- _Material provided_:

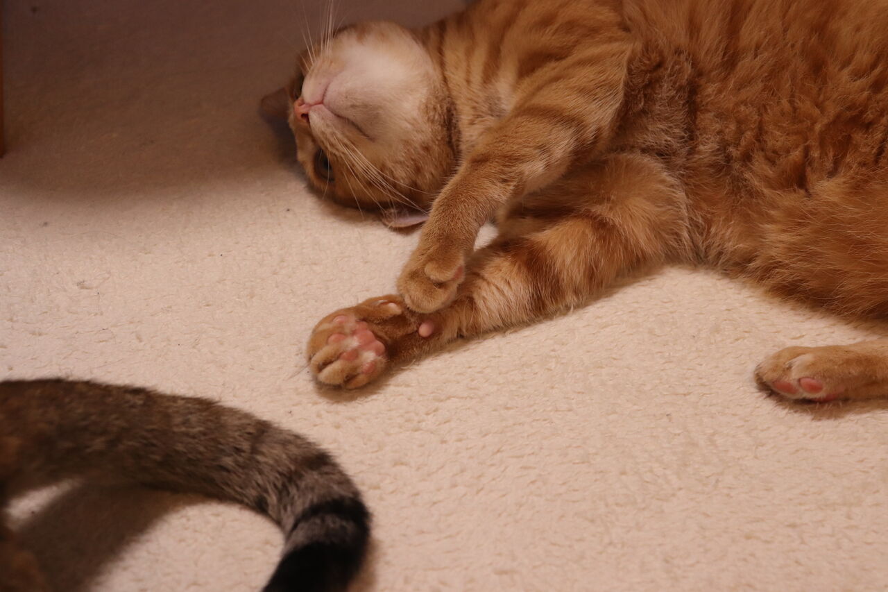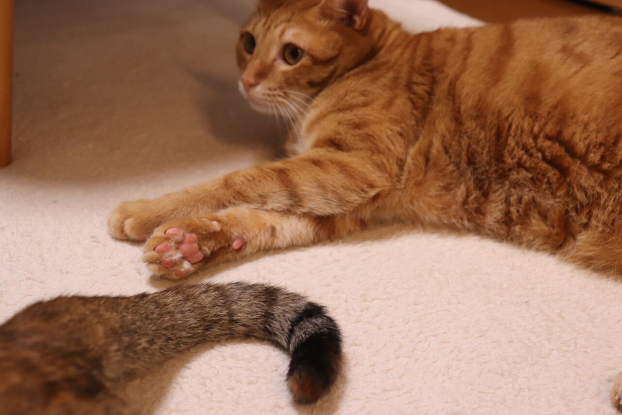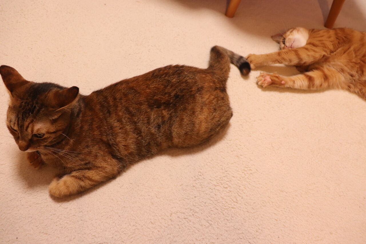 尻尾で遊ぶ猫
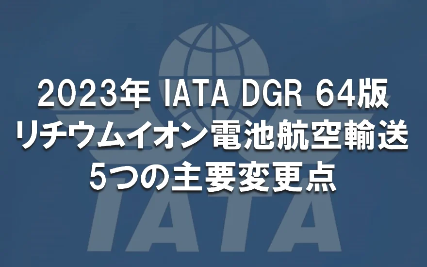 2023年のIATA DGR(航空危険物規則書) 第64版 改定により、航空輸送によるリチウム電池(リチウムイオン電池、リチウム金属電池)輸送について、主要な5つの変更があります。
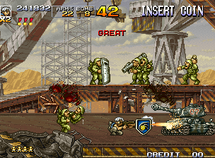 The only real standout element of Metal Slug 4 is the soundtrack. The music is a pretty big departure, as it sounds nothing like the previous games, aside from the “mission complete” jingle. It’s all composed by Toshikazu Tanaka, who also worked on other titles like Rage of the Dragons and Matrimelee, and has since become one of SNK’s most prolific and talented composers. It features a unique blend of guitar-based rock and synth orchestrations, most with very catchy melodies.
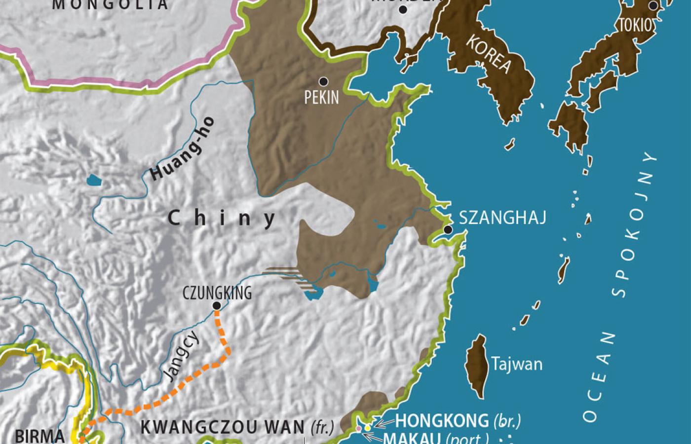 Gwałtowna ekspansja. Historia powszechna zna niewiele przypadków tak gwałtownej ekspansji, jak podjęta przez Japonię w latach 30.–40. XX w. Jeszcze w 1931 r. w imperium japońskim sama Japonia zajmowała 56 proc. powierzchni (prawie 380 z 680 tys. km kw.) z 68 proc. ludności (65 z 90 mln). Przy czym owo imperium zbudowano w dość niedługim okresie – licząc od aneksji wysp Riukiu w 1879 r. Po wojnie z Chinami (1895 r.) przyłączono Tajwan, po wojnie z Rosją (1905 r.) Karafuto (pd. Sachalin) i płw. Kwantung w Mandżurii, w 1910 r. dokonano aneksji Korei, a po I wojnie światowej przejęto – formalnie jako mandat Ligi Narodów – kilka byłych kolonii niemieckich na Pacyfiku, zgrupowanych jako tzw. protektorat Mórz Południowych (jap. Nan’yō).
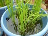 5年生は総合的な学習の時間にバケツを使って稲とメダカを育てています。
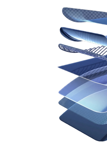 高端科技感3D渲染,主体为优雅飘逸的波浪形态结构,表面布满规则排列的圆形镂空孔洞,呈现出细腻的网格状质感和通透的镂空特性,材质表现为光滑且略带哑光的高级塑料或合成纤维质感,光线从画面上方柔和洒落,形成明亮的高光区域和渐变的阴影层次,背景为模糊的浅蓝色渐变条纹,营造出宁静而科技感十足的氛围,整体色调改为深邃的藏青色,保持原有的光影效果、镂空结构细节和波浪动态形态,强调材质的细腻肌理和光线的反射效果,画面构图聚焦于波浪结构的局部特写,突出其流动感和精致的工艺设计。
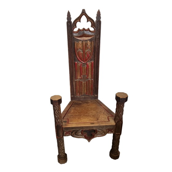 Chaise rare et unique, la chaise est faite à la main et vient d'Espagne. Marquée sur le dossier. D'après ses caractéristiques visuelles, en particulier le haut dossier avec des éléments architecturaux ecclésiastiques (arcs en ogive, ouvertures en forme de trifora) et le motif de bouclier sculpté, la chaise est clairement inspirée de la période gothique (approximativement du 12e au 16e siècle). Elle est en bois de Denne, première partie du 20e siècle. En bon état.
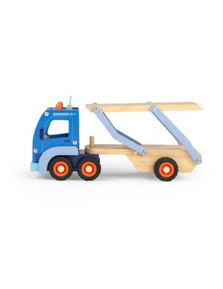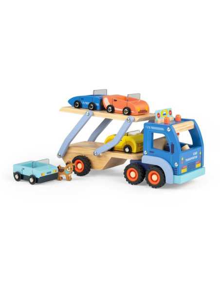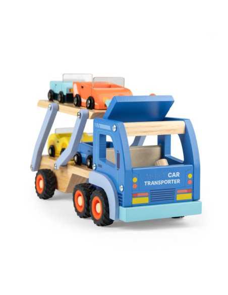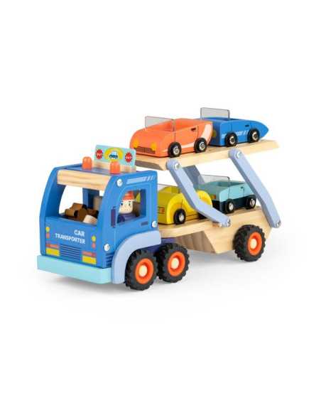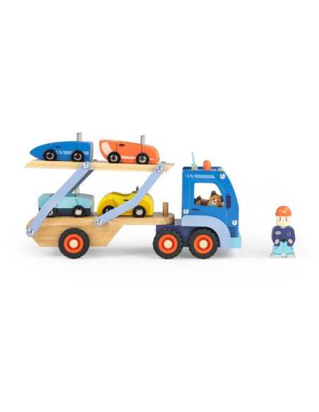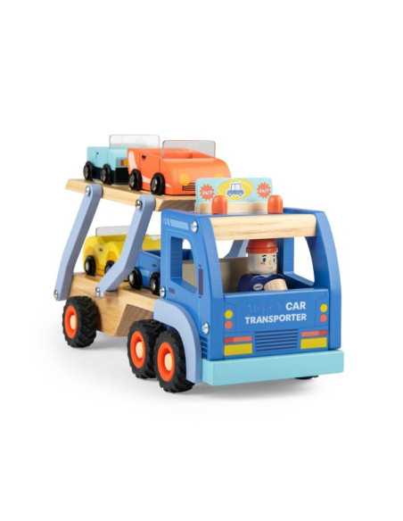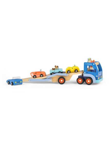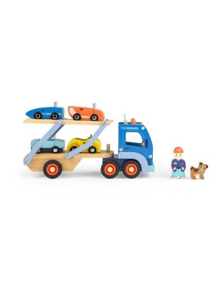 Découvrez le Camion de transport de voitures de la collection Avenue du Moulin de Moulin Roty, un grand camion en bois avec 4 voitures et 2 personnages pour divertir et stimuler l'imagination des enfants dès 3 ans.
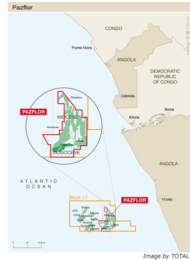 Total's main asset in Angola is deepwater Block 17, which it operates with a 40% interest. The deep offshore block contains four major hubs: Girassol-Rosa, Dalia, Pazflor, which are currently in production, and CLOV (Cravo, Lirio, Orquidea and Violeta), whose is currently under development.
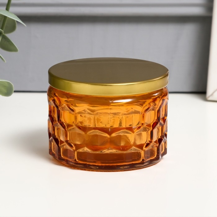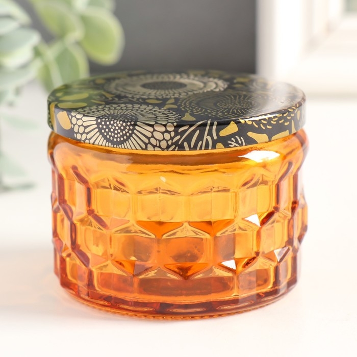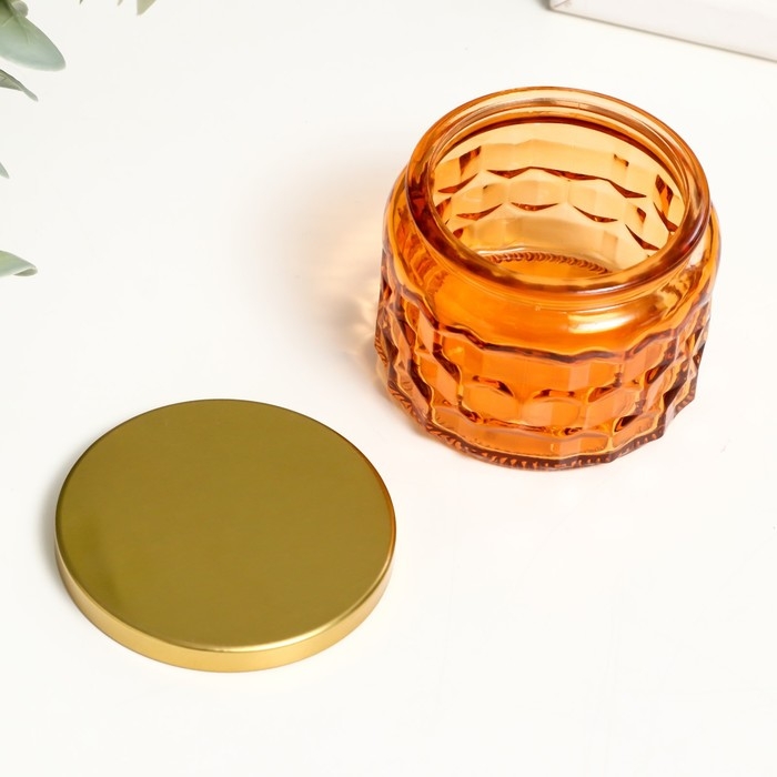 Банка для свечей стекло с крышкой "Соты" оранж 5х7х7 см, МИКС
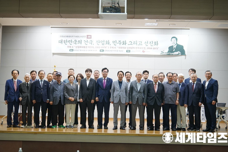 11일 오후 서울 동작구 김영삼도서관에서 열린 '김영삼'대통령10주기 기념 세미나시리즈 ‘대한민국의 건국, 산업화, 민주화 그리고 선진화’ 2차 세미나에서 참석자들이 기념촬영을 하고 있다.
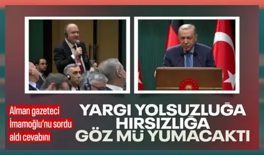Ortak basın toplantısında Alman bir gazetecinin ‘İBB’ sorusuna yanıt veren Cumhurbaşkanı Erdoğan, “Herhalde kim hangi makamda olursa olsun, bir hukuk devletinde hukuku ayaklar altına alamazsınız. Bütün bunlar olurken eli kolu bağlı olarak herhalde bir devlet bunu takip edemez” çıkışında bulundu.
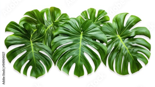 Lush green monstera leaves isolated on white.
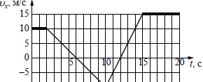 ?) от 30 до 50 с ?) от 50 до 70 с ?) от 10 до 30 с ?) от 0 до 10 с Вопрос id:435928 Тема/шкала: B1-Кинематика-Анализ графиков На рисунке приведён график зависимости проекции скорости тела vx от времени.
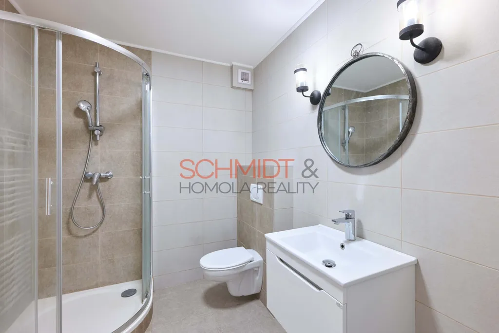 Součástí bytu je kuchyňská linka, koupelna se sprchovým koutem a sklepní kóje nacházející se v přízemí. Vytápění i ohřev vody zajišťuje společná kotelna, k případnému chlazení je zde také klimatizace. Bytový dům je v energetické třídě „A“, díky čemuž jsou náklady na vytápění zcela minimální. Užitná plocha bytu je 32,3 m², nad rámec této výměry je dále balkon a již zmíněná sklepní koje.
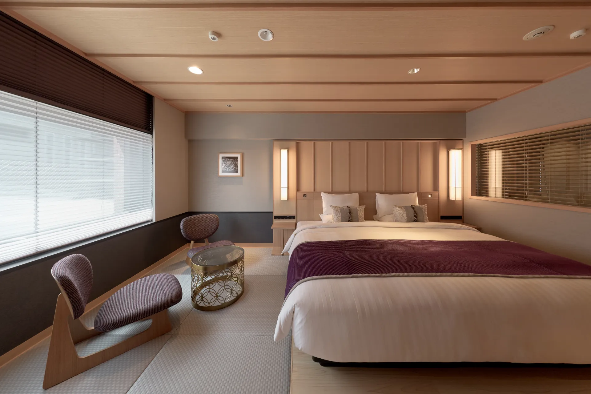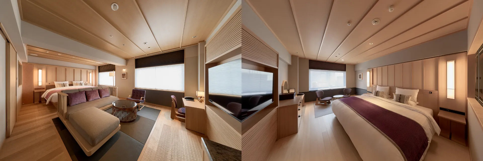 京都らしい設えが好評の「京プレミアム」に登場する新たな2タイプの客室は、日本文化の象徴である、靴を脱いで過ごせる「床座」の心地よさを大切にしています。
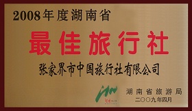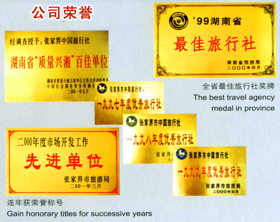 張家界市中國旅行社自1984年成立以來,至今保持年接待量、旅游收入、上繳稅費居同行業(yè)前茅的記錄,并多次被“省、市評為最佳旅行社”、“重合同守信用單位”、“質量信得過單位”、“旅游接待優(yōu)勝單位”、“雙文明單位”。
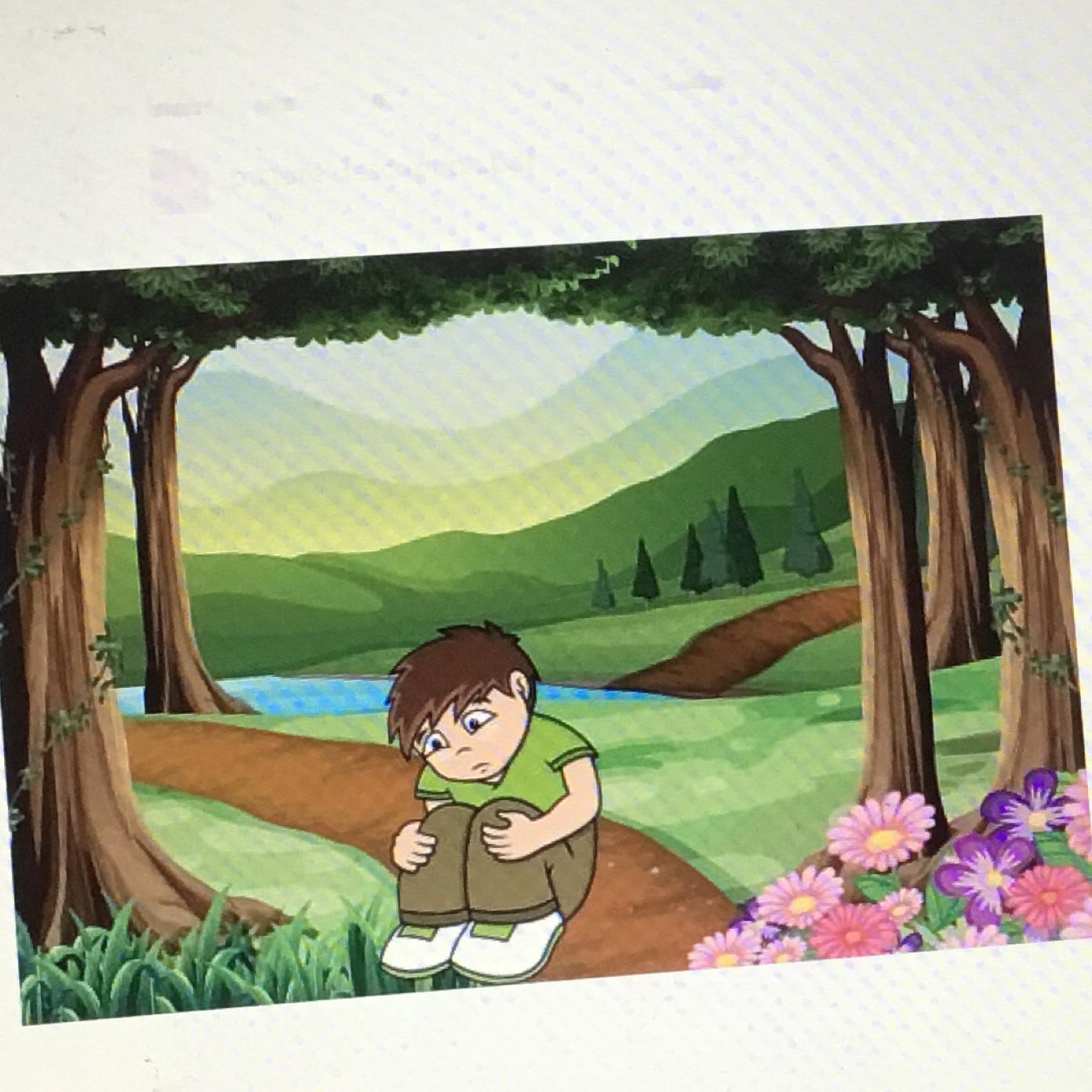A boy in the forest near a lake

- _Required work_: The whole listing above is to be printed exactly; the pictures stay out.

- _Written solution_:
 尻尾で遊ぶ猫
 2023年のIATA DGR(航空危険物規則書) 第64版 改定により、航空輸送によるリチウム電池(リチウムイオン電池、リチウム金属電池)輸送について、主要な5つの変更があります。
 The only real standout element of Metal Slug 4 is the soundtrack. The music is a pretty big departure, as it sounds nothing like the previous games, aside from the “mission complete” jingle. It’s all composed by Toshikazu Tanaka, who also worked on other titles like Rage of the Dragons and Matrimelee, and has since become one of SNK’s most prolific and talented composers. It features a unique blend of guitar-based rock and synth orchestrations, most with very catchy melodies.
 Gwałtowna ekspansja. Historia powszechna zna niewiele przypadków tak gwałtownej ekspansji, jak podjęta przez Japonię w latach 30.–40. XX w. Jeszcze w 1931 r. w imperium japońskim sama Japonia zajmowała 56 proc. powierzchni (prawie 380 z 680 tys. km kw.) z 68 proc. ludności (65 z 90 mln). Przy czym owo imperium zbudowano w dość niedługim okresie – licząc od aneksji wysp Riukiu w 1879 r. Po wojnie z Chinami (1895 r.) przyłączono Tajwan, po wojnie z Rosją (1905 r.) Karafuto (pd. Sachalin) i płw. Kwantung w Mandżurii, w 1910 r. dokonano aneksji Korei, a po I wojnie światowej przejęto – formalnie jako mandat Ligi Narodów – kilka byłych kolonii niemieckich na Pacyfiku, zgrupowanych jako tzw. protektorat Mórz Południowych (jap. Nan’yō).
 5年生は総合的な学習の時間にバケツを使って稲とメダカを育てています。
 高端科技感3D渲染,主体为优雅飘逸的波浪形态结构,表面布满规则排列的圆形镂空孔洞,呈现出细腻的网格状质感和通透的镂空特性,材质表现为光滑且略带哑光的高级塑料或合成纤维质感,光线从画面上方柔和洒落,形成明亮的高光区域和渐变的阴影层次,背景为模糊的浅蓝色渐变条纹,营造出宁静而科技感十足的氛围,整体色调改为深邃的藏青色,保持原有的光影效果、镂空结构细节和波浪动态形态,强调材质的细腻肌理和光线的反射效果,画面构图聚焦于波浪结构的局部特写,突出其流动感和精致的工艺设计。
 Chaise rare et unique, la chaise est faite à la main et vient d'Espagne. Marquée sur le dossier. D'après ses caractéristiques visuelles, en particulier le haut dossier avec des éléments architecturaux ecclésiastiques (arcs en ogive, ouvertures en forme de trifora) et le motif de bouclier sculpté, la chaise est clairement inspirée de la période gothique (approximativement du 12e au 16e siècle). Elle est en bois de Denne, première partie du 20e siècle. En bon état.
 Découvrez le Camion de transport de voitures de la collection Avenue du Moulin de Moulin Roty, un grand camion en bois avec 4 voitures et 2 personnages pour divertir et stimuler l'imagination des enfants dès 3 ans.
 Total's main asset in Angola is deepwater Block 17, which it operates with a 40% interest. The deep offshore block contains four major hubs: Girassol-Rosa, Dalia, Pazflor, which are currently in production, and CLOV (Cravo, Lirio, Orquidea and Violeta), whose is currently under development.
 Банка для свечей стекло с крышкой "Соты" оранж 5х7х7 см, МИКС
 11일 오후 서울 동작구 김영삼도서관에서 열린 '김영삼'대통령10주기 기념 세미나시리즈 ‘대한민국의 건국, 산업화, 민주화 그리고 선진화’ 2차 세미나에서 참석자들이 기념촬영을 하고 있다.
Ortak basın toplantısında Alman bir gazetecinin ‘İBB’ sorusuna yanıt veren Cumhurbaşkanı Erdoğan, “Herhalde kim hangi makamda olursa olsun, bir hukuk devletinde hukuku ayaklar altına alamazsınız. Bütün bunlar olurken eli kolu bağlı olarak herhalde bir devlet bunu takip edemez” çıkışında bulundu.
 Lush green monstera leaves isolated on white.
 ?) от 30 до 50 с ?) от 50 до 70 с ?) от 10 до 30 с ?) от 0 до 10 с Вопрос id:435928 Тема/шкала: B1-Кинематика-Анализ графиков На рисунке приведён график зависимости проекции скорости тела vx от времени.
 Součástí bytu je kuchyňská linka, koupelna se sprchovým koutem a sklepní kóje nacházející se v přízemí. Vytápění i ohřev vody zajišťuje společná kotelna, k případnému chlazení je zde také klimatizace. Bytový dům je v energetické třídě „A“, díky čemuž jsou náklady na vytápění zcela minimální. Užitná plocha bytu je 32,3 m², nad rámec této výměry je dále balkon a již zmíněná sklepní koje.
 京都らしい設えが好評の「京プレミアム」に登場する新たな2タイプの客室は、日本文化の象徴である、靴を脱いで過ごせる「床座」の心地よさを大切にしています。
 張家界市中國旅行社自1984年成立以來,至今保持年接待量、旅游收入、上繳稅費居同行業(yè)前茅的記錄,并多次被“省、市評為最佳旅行社”、“重合同守信用單位”、“質量信得過單位”、“旅游接待優(yōu)勝單位”、“雙文明單位”。
A boy in the forest near a lake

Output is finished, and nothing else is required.